Le vice-ministre, Hossein Amir-Abdollahian, chargé des affaires arabes et africaines, doit participer à Jeddah à une réunion extraordinaire d'une journée organisée par l’Organisation de la Coopération Islamique (ACI) pour tenter de trouver une solution à la guerre au Yémen.
C’est la première fois que Téhéran et Riyad vont dialoguer sur ce sujet depuis l’offensive aérienne de l’Arabie saoudite et de plusieurs autres nations arabes pour contrer la progression des miliciens chiites d’Ansarullah. 
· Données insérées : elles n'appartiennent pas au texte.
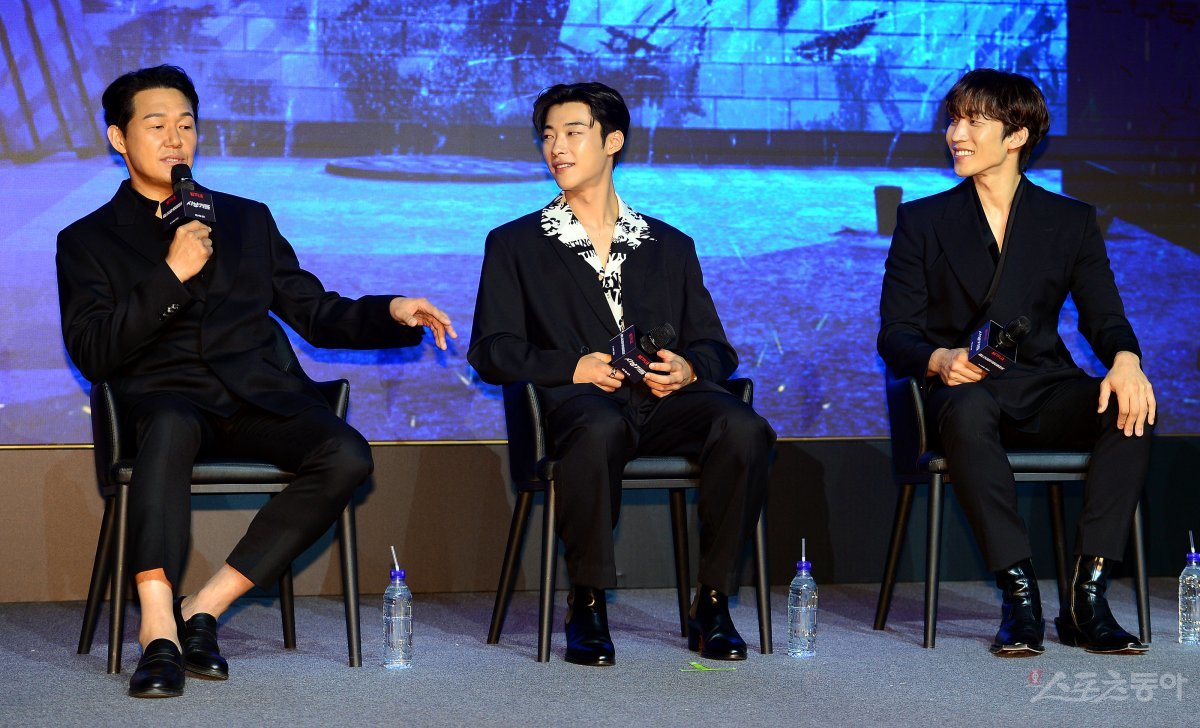 7일 서울 마포구 호텔 나루 엠갤러리에서 넷플릭스 시리즈 ‘사냥개들’ 제작발표회에 참석한 박성웅, 우도환, 이상이가 촬영 소감을 밝히고 있다.

Al-Hazm (province de Jawf) bombardé
Quelques heures après la prise de la ville d’al-Hazm par les miliciens chiites d’Ansarullah, dimanche 14 juin,  l’aviation saoudienne a bombardé la ville.
Des dizaines de raids ont également visé les régions à Sanaa, la province d'Amrane, plus au nord, et celles de Hajja et de Saada, près de la frontière saoudienne, ainsi que la ville portuaire d’Aden (sud).

Marib (centre du pays)
Les miliciens chiites se sont également emparés de la base militaire de Nakhla dans la province pétrolière de Marib.

Des tribus saoudiennes de Yam et Najran critiquent l’intervention au Yémen
Dans un communiqué signé par Cheikh Aziz ben Mahzel al-Soukour au nom des tribus saoudiennes de Yam et Najran, les tribus ont condamné l’intervention militaire de l’Arabie saoudite au Yémen. Il s’agit là d’une déclaration inouïe en Arabie saoudite qu’on a du mal, pour l’instant, à interpréter.